### RECORDED DATA:
========================================================================
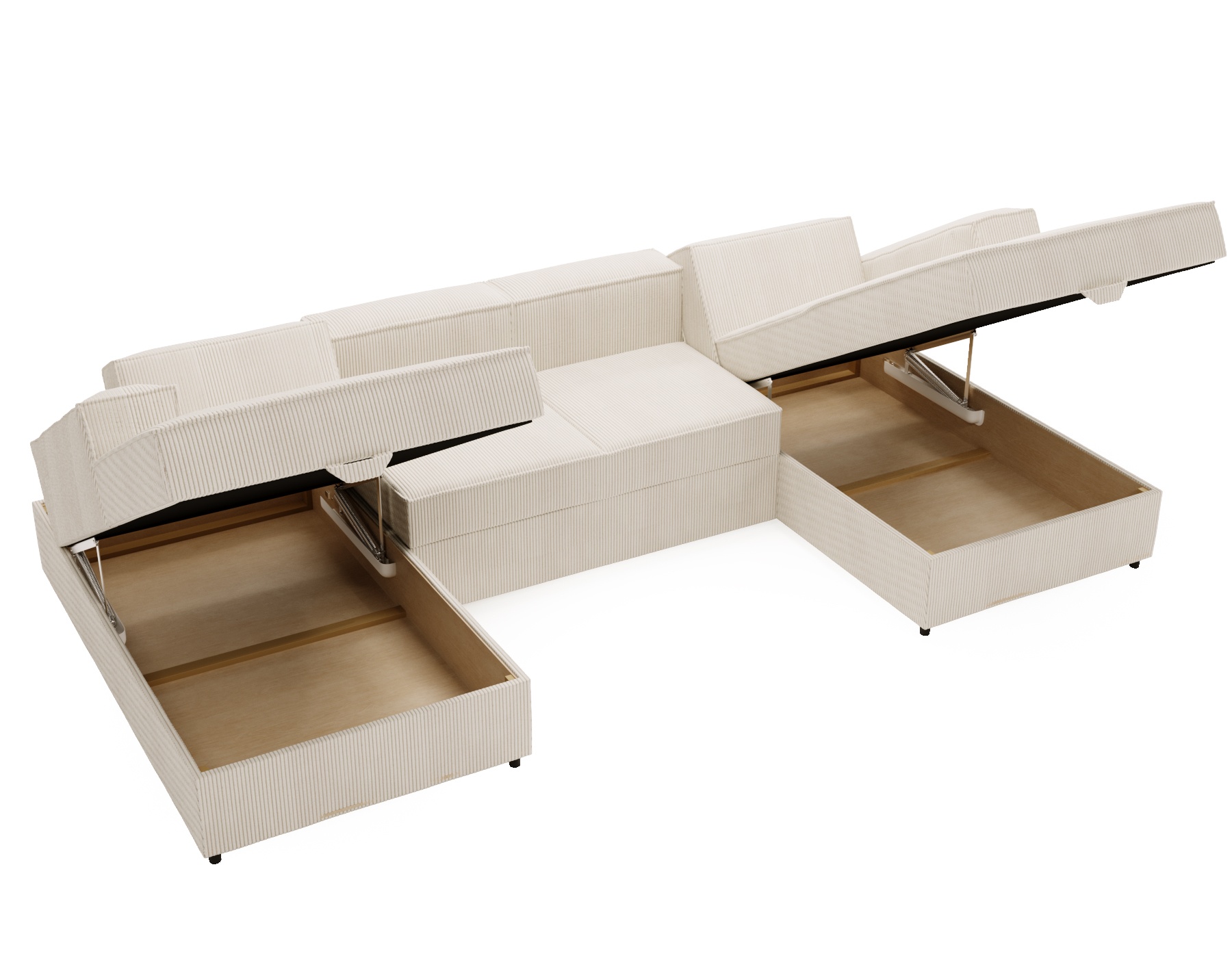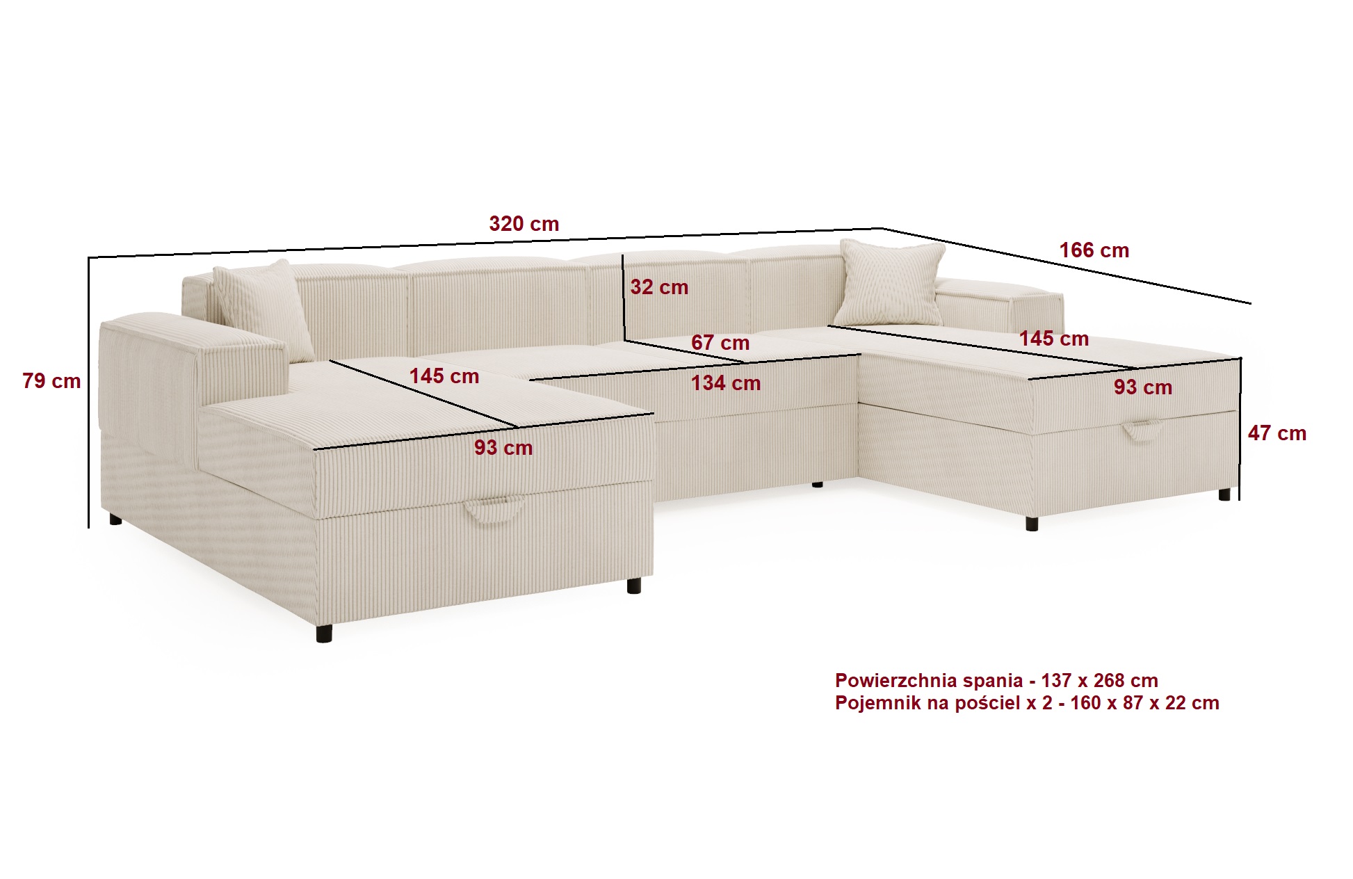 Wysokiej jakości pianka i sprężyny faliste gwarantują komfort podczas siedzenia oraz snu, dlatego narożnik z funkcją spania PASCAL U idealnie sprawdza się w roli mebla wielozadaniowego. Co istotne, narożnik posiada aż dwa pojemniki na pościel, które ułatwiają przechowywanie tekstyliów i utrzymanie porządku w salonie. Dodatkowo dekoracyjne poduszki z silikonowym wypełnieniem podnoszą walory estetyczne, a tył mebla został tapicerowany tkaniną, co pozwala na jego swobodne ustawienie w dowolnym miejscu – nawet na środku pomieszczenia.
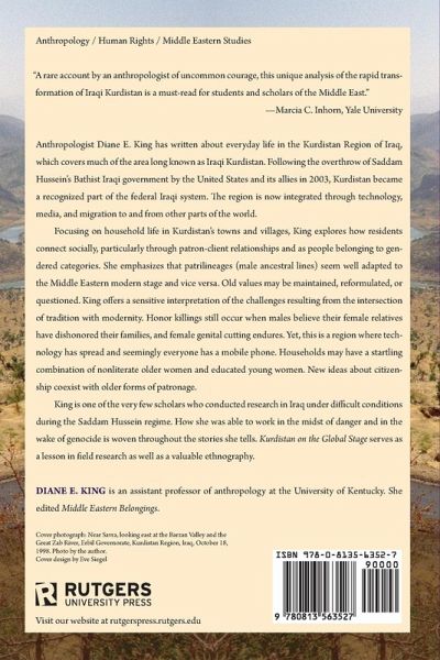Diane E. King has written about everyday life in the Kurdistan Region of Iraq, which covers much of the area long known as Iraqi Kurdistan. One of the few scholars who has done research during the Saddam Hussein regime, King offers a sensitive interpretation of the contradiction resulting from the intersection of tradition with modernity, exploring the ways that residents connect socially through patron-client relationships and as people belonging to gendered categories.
========================================================================
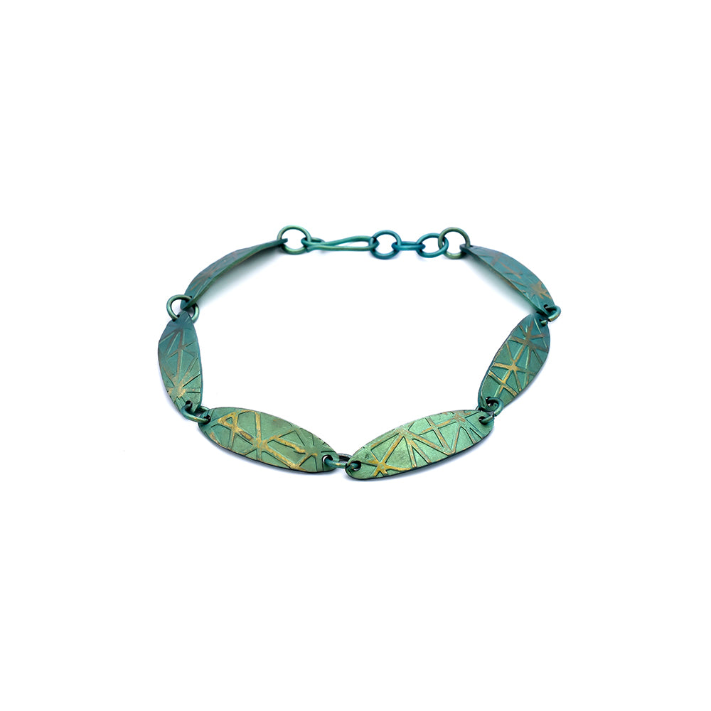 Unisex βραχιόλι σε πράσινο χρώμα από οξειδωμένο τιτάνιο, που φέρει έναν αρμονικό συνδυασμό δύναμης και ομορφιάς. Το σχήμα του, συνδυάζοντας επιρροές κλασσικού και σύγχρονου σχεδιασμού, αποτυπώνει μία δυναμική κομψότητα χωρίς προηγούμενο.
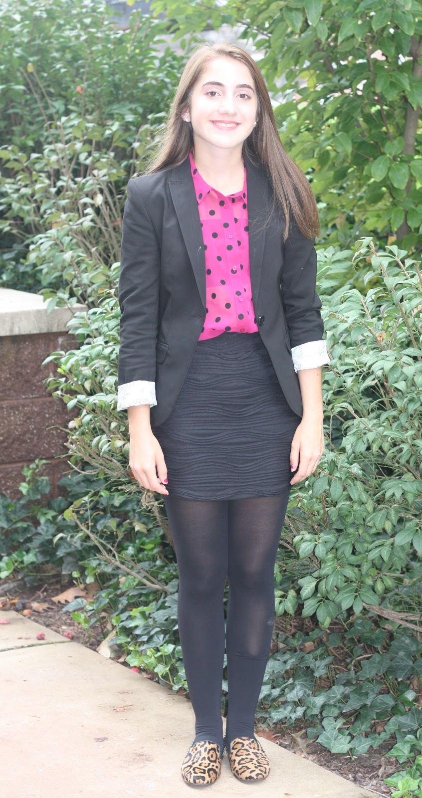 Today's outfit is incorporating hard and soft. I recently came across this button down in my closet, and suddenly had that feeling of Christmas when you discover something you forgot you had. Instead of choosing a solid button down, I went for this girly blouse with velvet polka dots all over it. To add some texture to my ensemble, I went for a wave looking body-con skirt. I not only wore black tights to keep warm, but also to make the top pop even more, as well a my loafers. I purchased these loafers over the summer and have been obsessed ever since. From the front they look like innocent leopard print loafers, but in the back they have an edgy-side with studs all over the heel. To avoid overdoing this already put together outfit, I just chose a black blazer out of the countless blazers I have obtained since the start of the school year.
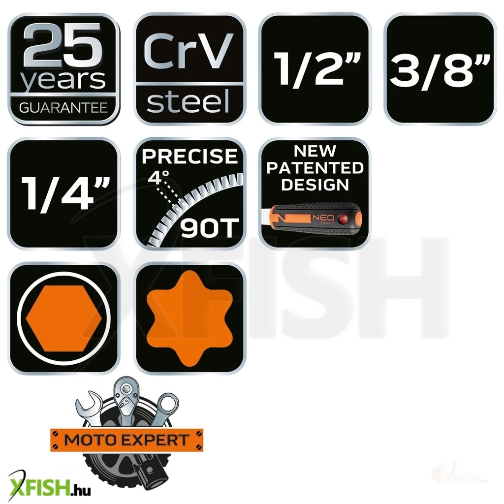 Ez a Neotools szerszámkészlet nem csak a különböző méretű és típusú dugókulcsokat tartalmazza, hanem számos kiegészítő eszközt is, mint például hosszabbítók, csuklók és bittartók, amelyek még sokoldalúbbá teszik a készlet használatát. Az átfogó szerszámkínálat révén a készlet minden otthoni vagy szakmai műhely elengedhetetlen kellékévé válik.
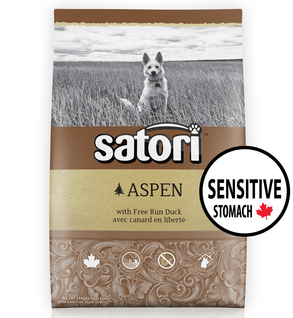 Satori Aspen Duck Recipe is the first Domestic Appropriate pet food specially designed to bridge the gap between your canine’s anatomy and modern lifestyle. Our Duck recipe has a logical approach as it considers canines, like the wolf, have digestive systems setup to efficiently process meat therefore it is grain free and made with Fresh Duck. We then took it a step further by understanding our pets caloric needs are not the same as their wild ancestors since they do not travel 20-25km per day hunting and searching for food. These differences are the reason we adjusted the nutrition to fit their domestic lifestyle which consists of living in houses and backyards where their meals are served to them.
========================================================================
Give again, exactly as written above, each line from the one that has "Today's outfit is" to the one that has "Satori Aspen Duck", both included; omit the pictures.

 Today's outfit is incorporating hard and soft. I recently came across this button down in my closet, and suddenly had that feeling of Christmas when you discover something you forgot you had. Instead of choosing a solid button down, I went for this girly blouse with velvet polka dots all over it. To add some texture to my ensemble, I went for a wave looking body-con skirt. I not only wore black tights to keep warm, but also to make the top pop even more, as well a my loafers. I purchased these loafers over the summer and have been obsessed ever since. From the front they look like innocent leopard print loafers, but in the back they have an edgy-side with studs all over the heel. To avoid overdoing this already put together outfit, I just chose a black blazer out of the countless blazers I have obtained since the start of the school year.
 Ez a Neotools szerszámkészlet nem csak a különböző méretű és típusú dugókulcsokat tartalmazza, hanem számos kiegészítő eszközt is, mint például hosszabbítók, csuklók és bittartók, amelyek még sokoldalúbbá teszik a készlet használatát. Az átfogó szerszámkínálat révén a készlet minden otthoni vagy szakmai műhely elengedhetetlen kellékévé válik.
 Satori Aspen Duck Recipe is the first Domestic Appropriate pet food specially designed to bridge the gap between your canine’s anatomy and modern lifestyle. Our Duck recipe has a logical approach as it considers canines, like the wolf, have digestive systems setup to efficiently process meat therefore it is grain free and made with Fresh Duck. We then took it a step further by understanding our pets caloric needs are not the same as their wild ancestors since they do not travel 20-25km per day hunting and searching for food. These differences are the reason we adjusted the nutrition to fit their domestic lifestyle which consists of living in houses and backyards where their meals are served to them.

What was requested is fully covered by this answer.